Why don't I throw them away? You're joking!

What part does symbolism play in your life? Whereby some artefact or acted-out ritual is treated as if it can re-evoke – even re-create – an emotional event or someone we were close to. Graves are symbols.

I thought I was done with the Queen’s death, but now there’s its symbolism. People are joining a queue (US: a “line”) stretching some five miles down the Thames. They are warned their wait may take twenty hours,  that it may be dark and cold before they are able – for a few seconds – to view a coffin that contains the Queen’s body. From all parts of Britain, some from abroad

Brits have a comical relationship with queues; we are said to be the best (ie, most placid, the most organised) queuers in the world, though the French would say there isn’t much competition for this trophy. But this queue is serious. Those interviewed afterwards speak in both hushed and ecstatic voices. Even wiping away tears. Quite young people say it was enormously important.

There are many justifications, with “paying respect” leading the way. Understand, I’m not putting down this phenomenon. I’m in distant awe at it. I myself am not a queuer. In my youth I waited for a Toulouse-Lautrec exhibition and was outraged by a salon so crowded I could hardly see the paintings.

This London queue is drawn by a symbol: the coffin, made symbolic by its association with a famous death. There’s nothing else to see. What then follows are, I imagine, attempts to ascribe hidden meanings to what was seen. A difficult process which, alas, may end disastrously in cliché. Worn phrases which have lost all impact. In my attic are two of my symbols: my climbing boots bought in 1952. Undiscardable. Fraught with cast-iron meaning. But no queueing.

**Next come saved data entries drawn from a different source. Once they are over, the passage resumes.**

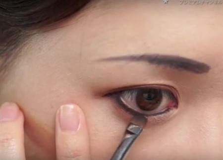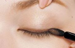 次に、まぶたを指で優しく持ち上げながら、目のキワに濃いめのブラウンまたはブラックのアイシャドウでラインを入れていきます。
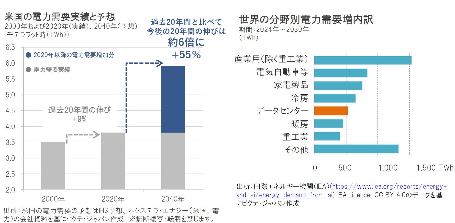 電気自動車の普及、電化の進展、エアコンの普及、AI普及によるデータセンターの増加などによる電力需要増の加速を背景に、米国の電力需要の伸びは、過去20年間の+9%から今後20年間は+55%と、約6倍になると予想されています。
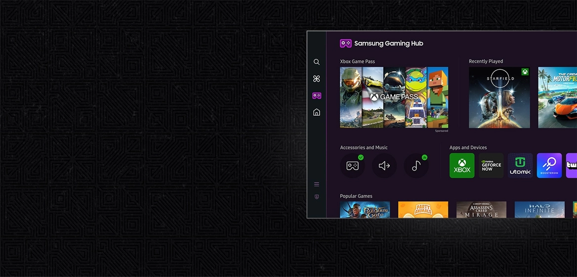 Gaming Hub забезпечує миттєвий доступ до ваших улюблених стрімінгових ігрових сервісів та консолей без завантажень. Насолоджуйтесь гнучким ігровим процесом із удосконаленим процесором Samsung NQ8 AI Gen3, який підтримує AI масштабування майже до 4K для більш реалістичних вражень, навіть під час потокового відтворення ігор.
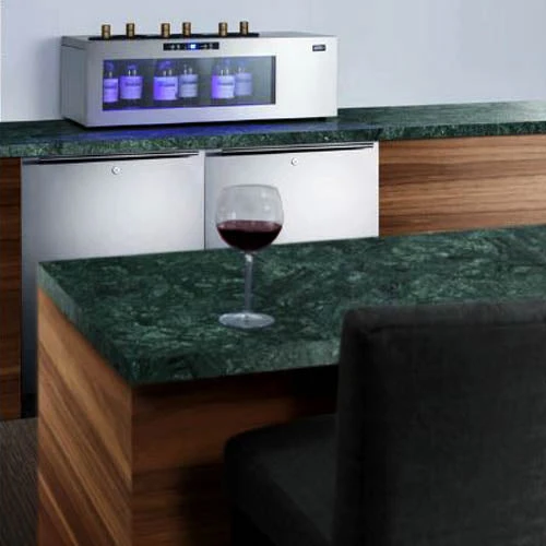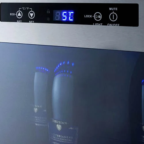 Six bottle countertop wine chiller with soft blue LED lighting adjust from three levels of brightness to best suit your setting. The compressor-based refrigeration cooling system ensures fast temperature pull-down ideal for use in bars, tasting rooms, and restaurants. Six slots let you store standard Burgundy style wine or champagne bottles in an upright position, with a tinted glass window that offers an attractive, illuminated display of the bottles’ labels. Digital controls for easy temperature management. Temperature can be set between 41 and 68ºF. ETL-S listed to NSF-12 commercial standards for use in foodservice settings. Easy user maintenance with an auto defrosting system, with control panel setting included for defrosting if the cooler is used in areas of high heat or humidity. Ask for our freight quote. Measures: 12.5″ H x 35.75″ W x 15.38″ D
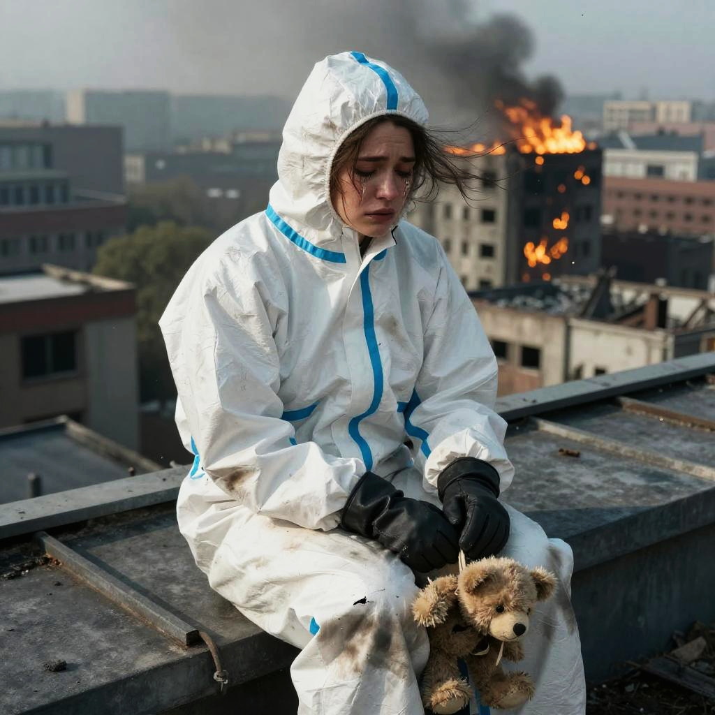 Photograph of a young woman with fair skin and brown hair, wearing a white hazmat suit with blue accents, black gloves, and holding a small brown teddy bear. She sits on a concrete rooftop against a backdrop of urban buildings with one on fire, emitting thick black smoke. Her expression is somber and distant. The rooftop is gray and weathered, with the cityscape extending into the hazy background. The image evokes a sense of tension and uncertainty. The overall tone is dramatic and contrasting, highlighting the juxtaposition of the woman's protective gear against the urban chaos.
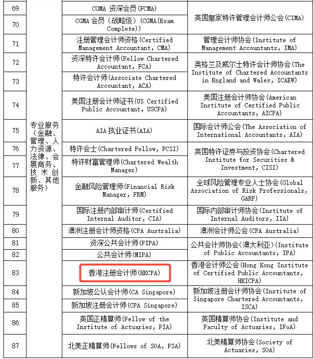 《上海市境外职业资格证书认可清单(2.0 版)》虽未明确阐述 HKICPA 具体对应政策,但将其纳入清单中。对清单内不同类别项目持证人员提供包括外籍人员签证、工作许可、非本市户籍人员居住证积分以及申报考核认定职称等便利保障服务 。

NOTE: I wrote this post without a great deal of conviction. I am surprised and pleased by the worthwhile responses it has attracted.

6 comments:

  1. I love all the ritual and regalia. I am also in awe of the people lining up for so long to pay their respects. Death is an emotional time for the survivors, and for this woman her survivors are all over the world. Why? I don't know. Symbolism defies logic. It's an emotional experience. Perhaps even devotional.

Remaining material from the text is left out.